We're not talking about a re-imagining of the Google Glasses idea here at all, nor does it have much to do with AR. This is more an alternative to in-ear headphones for when you're going for a walk in the sunshine with a good podcast on or when you just want that nice soundtrack soothing your ears. Bose has found a way of mixing consumer electronics with something most of us use on a sunny day, and the concept is an interesting one. With the Frames, Bose is not striving for more blaring music others can hear as you walk down the street, but rather the company is striving to bring two functional items together into one package.
Looking at the design at the Bose Frames, that is without putting any thought to the actual "arms" on the eyeglass frames, they look like a set of relatively outdated Ray-Ban sunglasses. This is not us critiquing the design, but rather us stating that Bose has attempted to hit as broad a taste as possible by using a classic style of frame. This means that they're pretty anonymous to look at. In this specific case, however, the anonymity masks some neat functionality and we can confirm that Bose has managed to pull this off in a great way. The intensity of the lenses is, however, a little weak. We were able to see the wearer's eyes clearly through the lens, which is undoubtedly not for everyone. The lenses do however have 99% UVA / UVB protection as well as being "shatter & scratch resistance".

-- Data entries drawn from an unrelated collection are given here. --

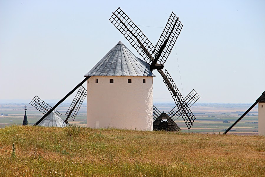 El escenario lo tenemos a la vista: la sierra de los Molinos y el Cerro de la Paz donde recortan sus blancas figuras hasta diez molinos de viento, la mayor obra de ingeniería del siglo XVI.
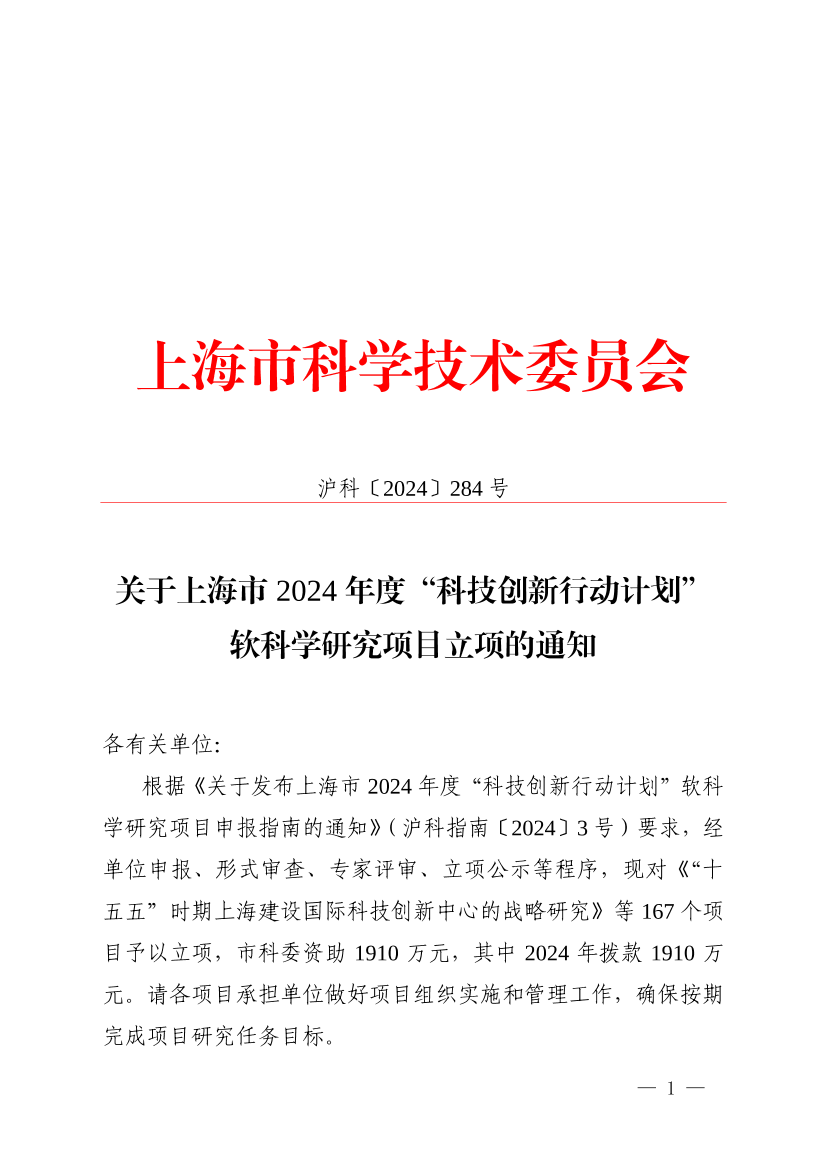 根据《关于发布上海市2024年度“科技创新行动计划”软科学研究项目申报指南的通知》(沪科指南〔2024〕3号)要求,经单位申报、形式审查、专家评审、立项公示等程序,现对《“十五五”时期上海建设国际科技创新中心的战略研究》等167个项目予以立项,市科委资助1910万元,其中2024年拨款1910万元。请各项目承担单位做好项目组织实施和管理工作,确保按期完成项目研究任务目标。
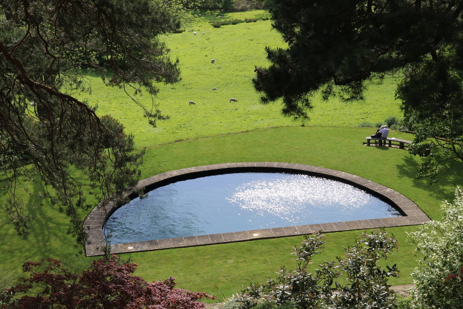 L’une des réalisations les plus audacieuses d’Anne Chambers est la transformation de l’ancien terrain de tennis en un miroir d’eau de style contemporain. Le bassin rectangulaire rempli d’une eau couleur d’encre est entouré de dalles blanches qui mènent à un îlot herbeux au centre du bassin.
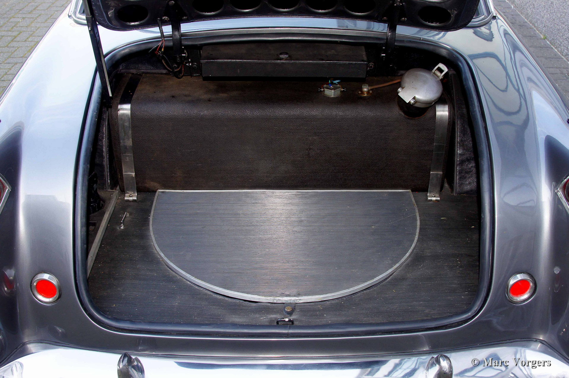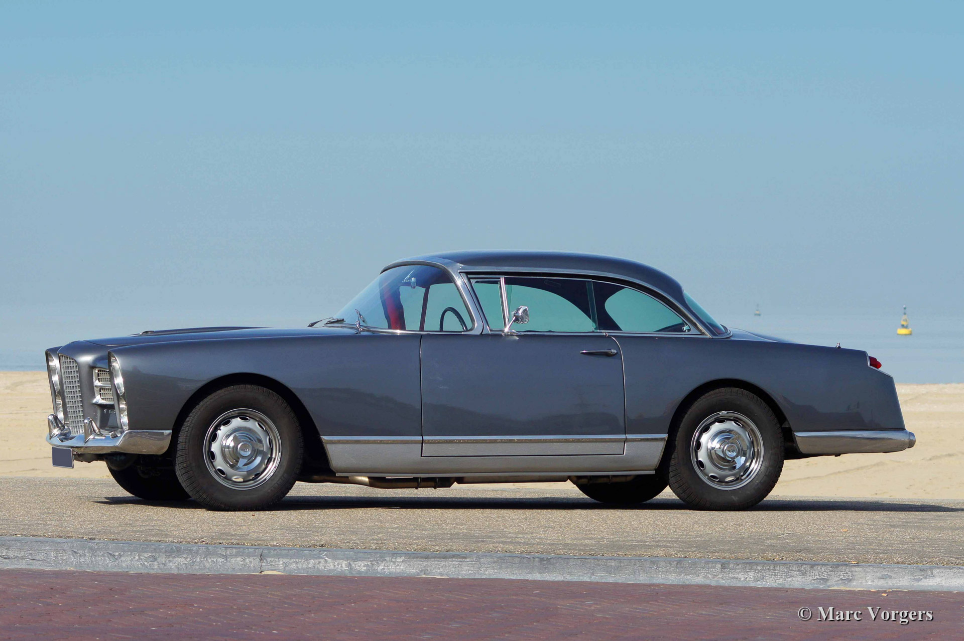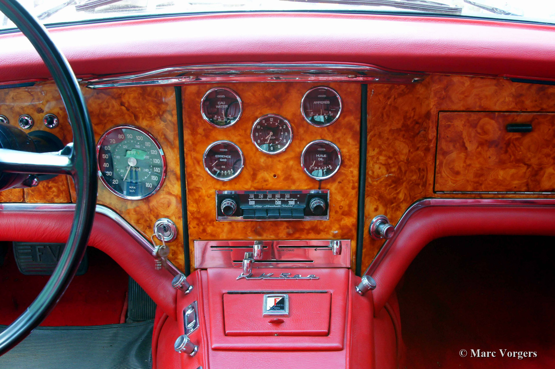The Facel Vega HK 500 is an extremely luxurious car with a gorgeous finish and beautiful details. The interior is majestic with it’s mock walnut (in the French tradition) dashboard and beautifully chromed handles and switches. The leather upholstery is of an exceptionally high quality the comfort it offers reflects this. The car comes with all of the novelties which were common on the American market at the time. The robustly built automatic windows and the gear shift with it’s stylish buttons are extremely reliable and never fail. Chrome was used sparingly on the HK 500; the bumpers, mirrors and side strips are all constructed of stainless steel. The vehicle is built upon a welded steel chassis within which the strong 6.2 Litre Chrysler V8 is mounted. The undercarriage has independent wheel suspension with coil springs at the front and a live axle leaf spring suspension system at the rear. From 1960 onwards, the HK 500 was equipped with disc brakes around. The Facel Vega HK-500 is rare, only 490 units were built of which 329 still exist.
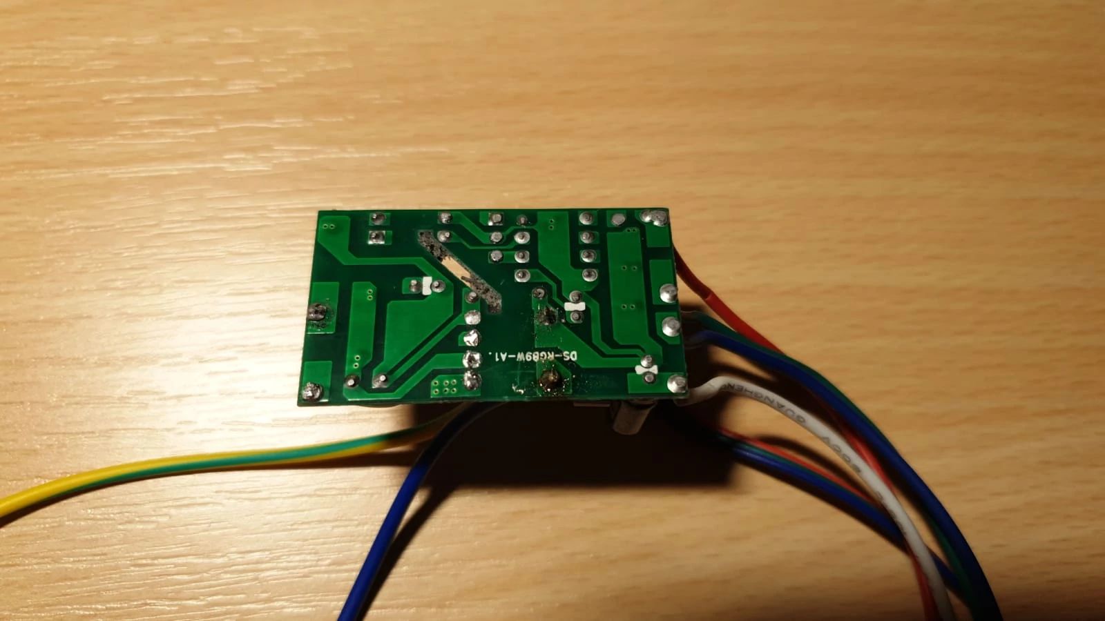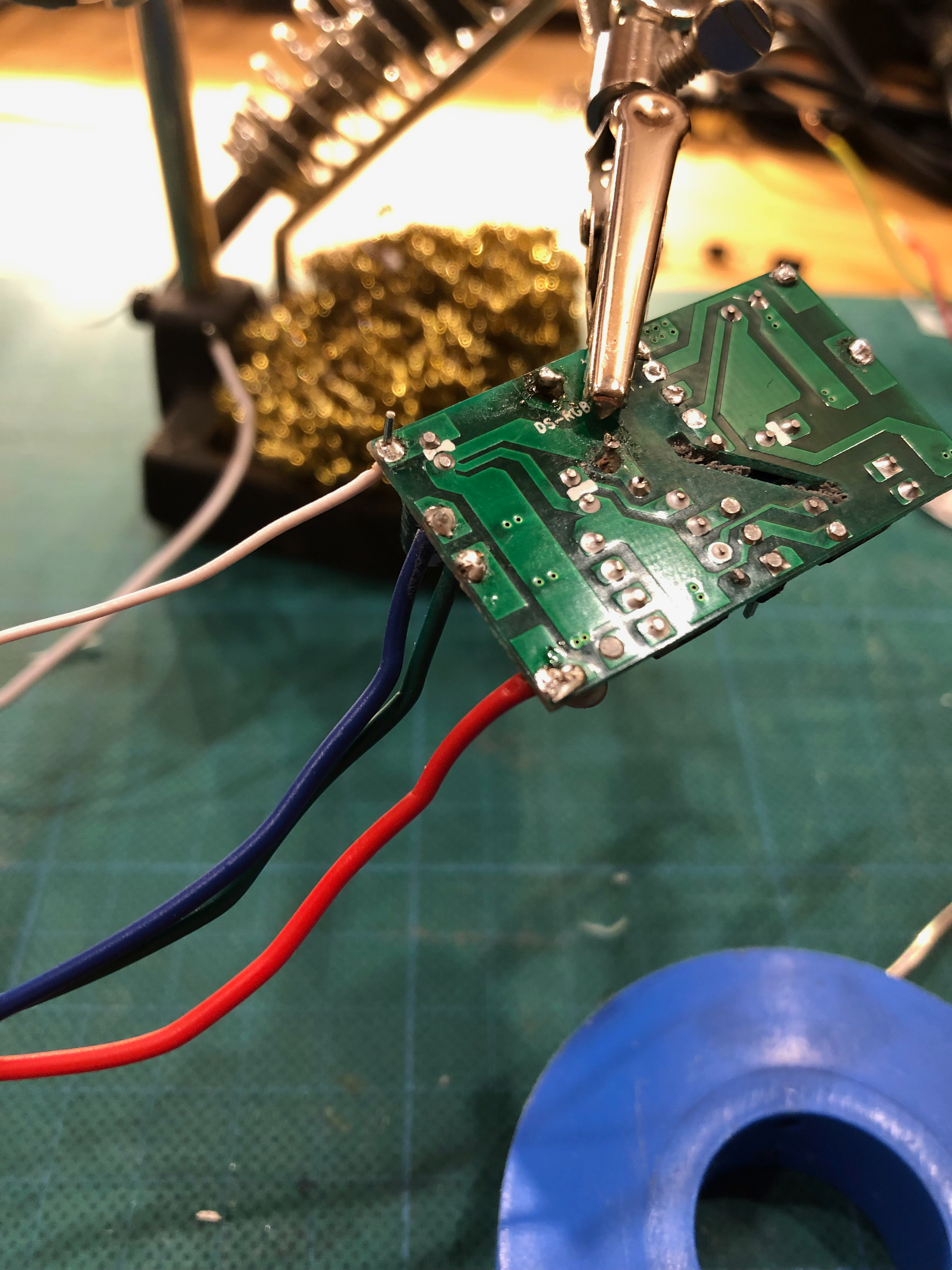 Die Eingangsspannung war natürlich 230V, da der Scheinwerfer kein zusätzliches Netzteil besitzt, und die LED wurde mit 9V betrieben. Wir lokalisierten als Nächstes den Transformator und entfernten ihn von der Platine und an seine Stelle kamen zwei Kabel.

With all of that said though, the build quality is incredible. Of course, what you see is made out of plastic, but when playing around with them it feels like they can survive almost anything, as a pair of sunglasses should. However, it's when you look down the side of the frames where it gets a bit crazy. In order to insert the necessary speakers as well as the microphones that are used to counter external noise, the arms are incredibly thick. If these show, the anonymity goes right out the window, because the sides of the gadget are most definitely noticeable. It looks like there are built-in hearing aids in the frames (and we guess the speakers are pretty much just that).

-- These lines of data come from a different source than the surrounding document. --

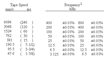 table 3-3). 2 Either set of speed-control signals may be used primarily with wide band systems, but only the higher set of frequencies is recommended for double density systems. When interchanging tapes, care should be taken to ensure that the recorded speed-control signal is compatible with the reproduce system's speed-control electronics. |
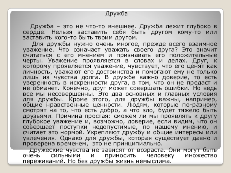 Для дружбы нужно очень многое, прежде всего взаимное уважение. Что означает уважать своего друга? Это значит считаться с его мнением и признавать его положительные черты. Уважение проявляется в словах и делах. Друг, к которому проявляется уважение, чувствует, что его ценят как личность, уважают его достоинства и помогают ему не только лишь из чувства долга. В дружбе важно доверие, то есть уверенность в искренности друга, в том, что он не предаст и не обманет. Конечно, друг может совершать ошибки. Но ведь все мы несовершенны. Это два основных и главных условия для дружбы. Кроме этого, для дружбы важны, например, общие нравственные ценности. Людям, которые по-разному смотрят на то, что есть добро, а что зло, будет тяжело быть друзьями. Причина простая: сможем ли мы проявлять к другу глубокое уважение и, возможно, доверие, если видим, что он совершает поступки недопустимые, по нашему мнению, и считает это нормой. Укрепляют дружбу и общие интересы или увлечения. Однако для дружбы, которая существует давно и проверена временем, это не принципиально.
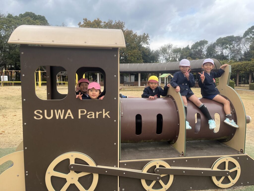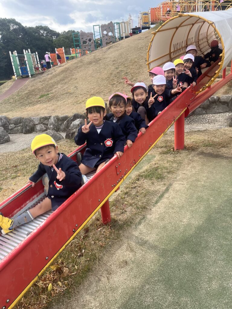 長い滑り台や大きなアスレチック、落ち葉で遊んだりと思いっきり楽しみました😁
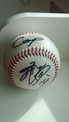 そして、、ゴチバトルの結果は、、、なんと見事私が優勝してしまいまして、、、商品は、、時の人大瀬良投手のサインボール!
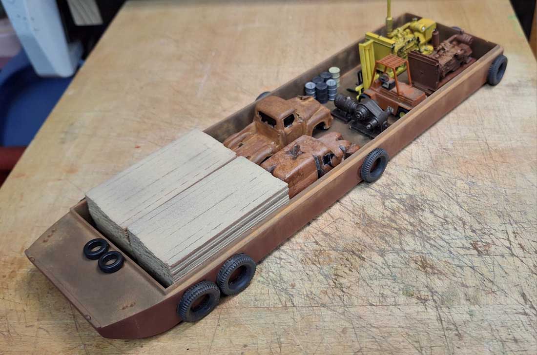I saw a photo of a model industrial barge which I liked and thought that I could use one on my waterways around the layout. I love anything boat wise.

On the visual front, it's very much going to be a matter of personal taste, and so with that being the case, it's the technology itself that must decide whether the Frames are going to be immediately scrapped and cast aside as an ambitious project cursed by bad execution - and the technology does, indeed, weigh up for the visual aspect.

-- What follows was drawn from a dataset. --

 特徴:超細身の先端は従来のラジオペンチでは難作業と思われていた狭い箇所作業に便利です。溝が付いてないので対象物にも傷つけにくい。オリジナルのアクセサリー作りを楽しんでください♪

Hidden underneath the thick "arms" of the Frames are a pair of dedicated speakers aimed directly at the ear, and through a simple pairing process you manage with your phone, you can listen to both music and podcasts on the go without having to put on a heavy pair of headphones or annoying earbuds. These speakers actually sound fantastic too. Of course, the bass isn't as pristine as that of, say, a high-end headset or a subwoofer, but everyone at the office has been blown away by the quality of both music, podcast audio and video audio when trying the Frames out. At the same time, the microphones minimise the audio that others can hear when in the wearer's near vicinity. If you have the volume turned up all the way, people close by will hear the essence of the melody, sure, but it's still incredibly impressive how well the sound is isolated. Extreme background noise may drown out the music somewhat, so the Frames may not be the best option for listening to a podcast on a busy subway train or similar.
While using the Frames, you can also receive calls and talk to Siri or Google Assistant, and the call quality is surprisingly good. With about 3.5 hours of direct playback on one charge, there's plenty of time to make a long call or to listen to tunes all the way through a long car commute.
A set of Bose Frames will, however, set you back £199.95, which is far too expensive in relation to the functionality you get. The idea is great, and combining two everyday gadgets into one is always something we welcome. In addition, the build quality is decent and the sound is a direct competitor to, for example, a set of Apple AirPods. However, this idea isn't quite hasn't reached its finish line just yet.